━━━━━ INFORMATION SUPPLIED
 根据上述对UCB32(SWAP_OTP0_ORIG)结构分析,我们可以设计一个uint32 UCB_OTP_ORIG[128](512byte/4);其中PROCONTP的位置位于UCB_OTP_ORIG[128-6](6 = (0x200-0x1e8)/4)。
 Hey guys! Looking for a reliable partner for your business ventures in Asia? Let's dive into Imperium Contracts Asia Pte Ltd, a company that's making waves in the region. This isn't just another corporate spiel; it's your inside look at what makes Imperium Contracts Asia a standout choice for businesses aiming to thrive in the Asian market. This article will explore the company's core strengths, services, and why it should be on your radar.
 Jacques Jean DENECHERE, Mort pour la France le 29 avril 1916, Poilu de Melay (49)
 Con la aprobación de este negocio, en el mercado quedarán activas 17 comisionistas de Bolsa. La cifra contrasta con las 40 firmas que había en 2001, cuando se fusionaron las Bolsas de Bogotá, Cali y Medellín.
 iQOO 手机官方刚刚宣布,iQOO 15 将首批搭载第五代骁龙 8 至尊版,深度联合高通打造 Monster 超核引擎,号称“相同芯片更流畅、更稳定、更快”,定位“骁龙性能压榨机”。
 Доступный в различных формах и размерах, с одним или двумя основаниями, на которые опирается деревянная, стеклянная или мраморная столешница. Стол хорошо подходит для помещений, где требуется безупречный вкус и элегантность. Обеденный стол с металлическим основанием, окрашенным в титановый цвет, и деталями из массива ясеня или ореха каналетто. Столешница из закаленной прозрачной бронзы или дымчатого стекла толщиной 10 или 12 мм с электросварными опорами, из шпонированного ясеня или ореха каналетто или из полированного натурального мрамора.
━━━━━━━━━━
━━━━━ INFORMATION SUPPLIED
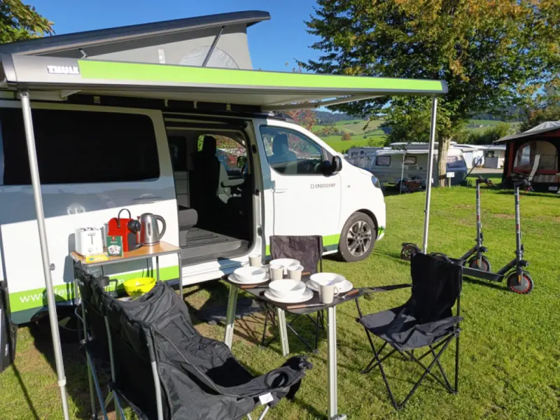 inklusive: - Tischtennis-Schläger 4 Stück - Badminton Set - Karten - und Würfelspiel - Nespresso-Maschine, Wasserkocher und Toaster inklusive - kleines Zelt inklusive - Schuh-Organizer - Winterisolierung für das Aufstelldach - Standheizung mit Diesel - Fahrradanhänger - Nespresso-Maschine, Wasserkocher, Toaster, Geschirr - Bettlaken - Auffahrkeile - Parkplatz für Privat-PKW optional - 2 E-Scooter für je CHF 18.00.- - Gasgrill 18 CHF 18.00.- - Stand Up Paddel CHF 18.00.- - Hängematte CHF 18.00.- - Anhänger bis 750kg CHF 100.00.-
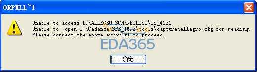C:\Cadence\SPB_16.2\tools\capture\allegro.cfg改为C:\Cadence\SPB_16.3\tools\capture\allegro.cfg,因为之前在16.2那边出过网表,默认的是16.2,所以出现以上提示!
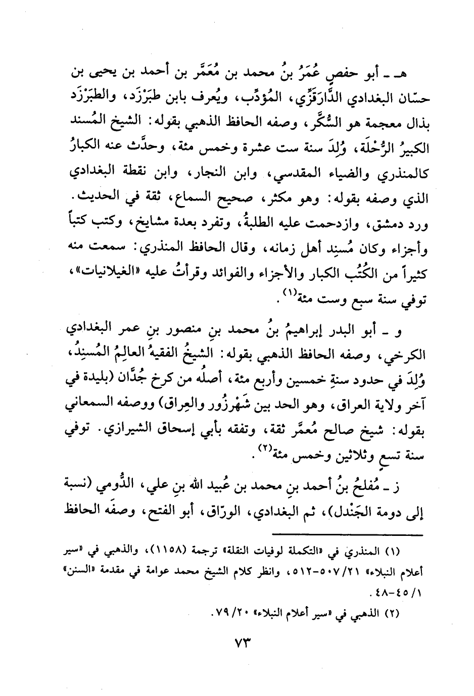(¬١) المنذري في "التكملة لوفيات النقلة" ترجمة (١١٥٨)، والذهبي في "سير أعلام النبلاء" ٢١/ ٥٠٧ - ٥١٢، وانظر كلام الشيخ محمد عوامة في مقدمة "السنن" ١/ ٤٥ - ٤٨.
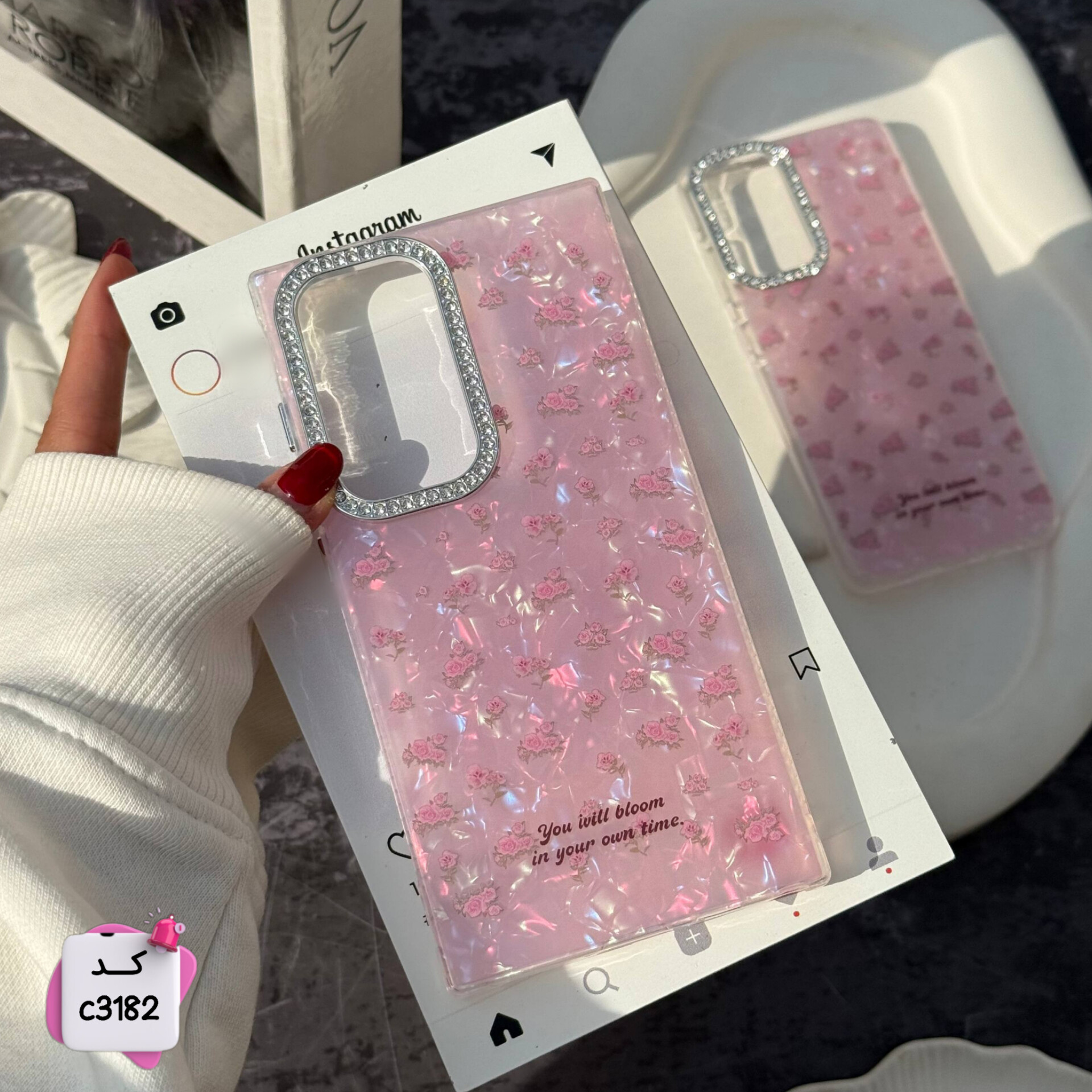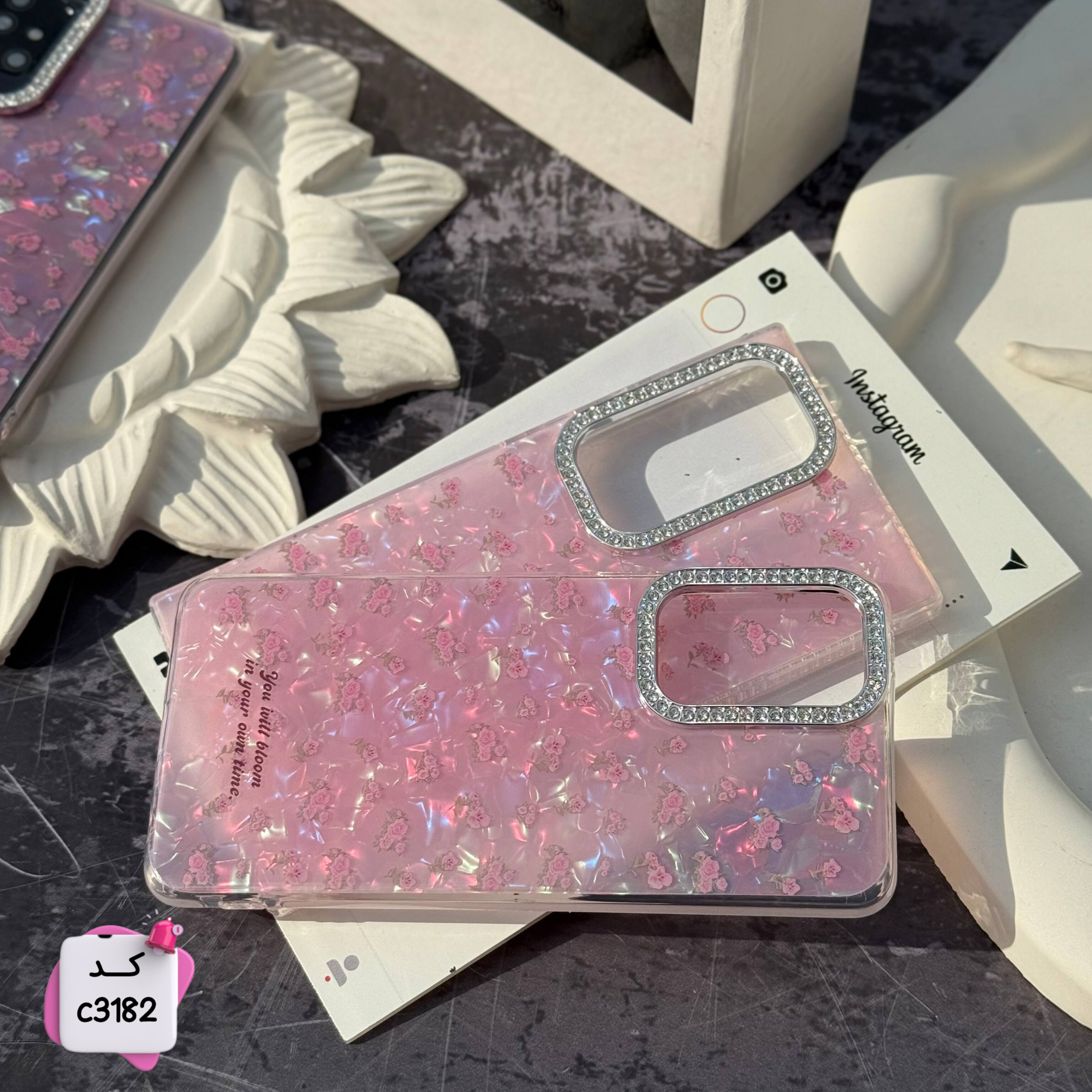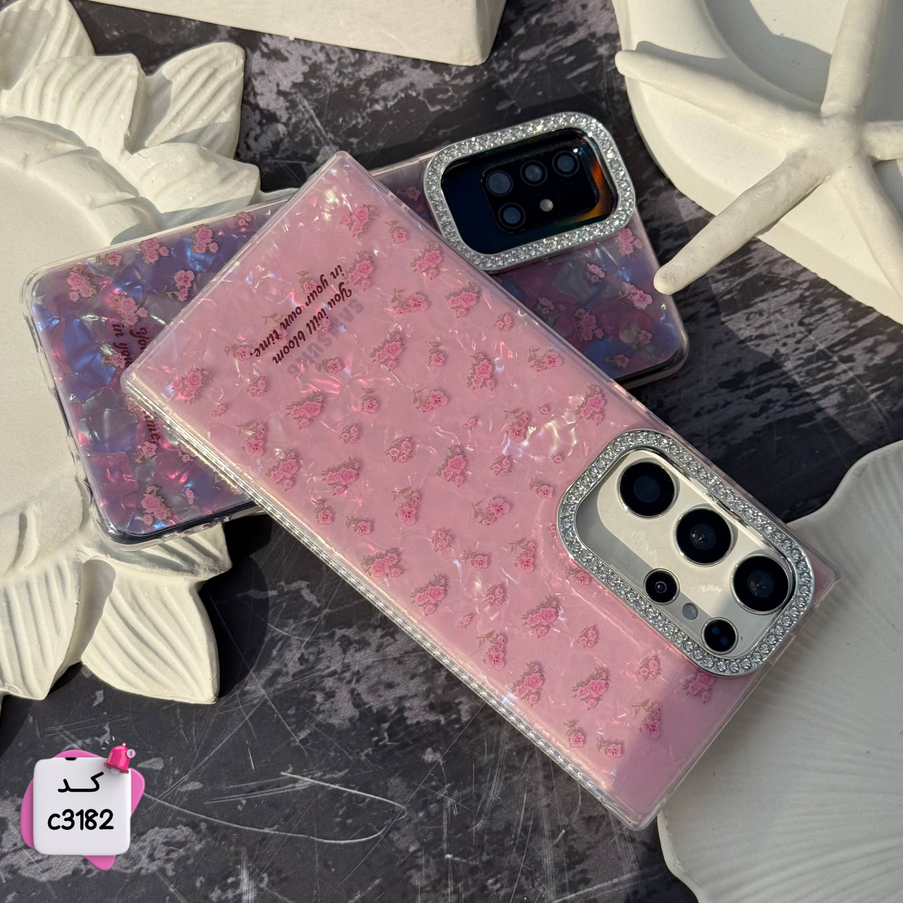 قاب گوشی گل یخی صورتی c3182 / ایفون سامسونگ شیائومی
━━━━━━━━━━
*REQUIRED ACTION*
With the line holding "Hey guys! Looking" as the first and the line holding "Доступный в различных" as the last, set down that range of the entries above exactly, and nothing else.

*ANSWER AREA*
 Hey guys! Looking for a reliable partner for your business ventures in Asia? Let's dive into Imperium Contracts Asia Pte Ltd, a company that's making waves in the region. This isn't just another corporate spiel; it's your inside look at what makes Imperium Contracts Asia a standout choice for businesses aiming to thrive in the Asian market. This article will explore the company's core strengths, services, and why it should be on your radar.
 Jacques Jean DENECHERE, Mort pour la France le 29 avril 1916, Poilu de Melay (49)
 Con la aprobación de este negocio, en el mercado quedarán activas 17 comisionistas de Bolsa. La cifra contrasta con las 40 firmas que había en 2001, cuando se fusionaron las Bolsas de Bogotá, Cali y Medellín.
 iQOO 手机官方刚刚宣布,iQOO 15 将首批搭载第五代骁龙 8 至尊版,深度联合高通打造 Monster 超核引擎,号称“相同芯片更流畅、更稳定、更快”,定位“骁龙性能压榨机”。
 Доступный в различных формах и размерах, с одним или двумя основаниями, на которые опирается деревянная, стеклянная или мраморная столешница. Стол хорошо подходит для помещений, где требуется безупречный вкус и элегантность. Обеденный стол с металлическим основанием, окрашенным в титановый цвет, и деталями из массива ясеня или ореха каналетто. Столешница из закаленной прозрачной бронзы или дымчатого стекла толщиной 10 или 12 мм с электросварными опорами, из шпонированного ясеня или ореха каналетто или из полированного натурального мрамора.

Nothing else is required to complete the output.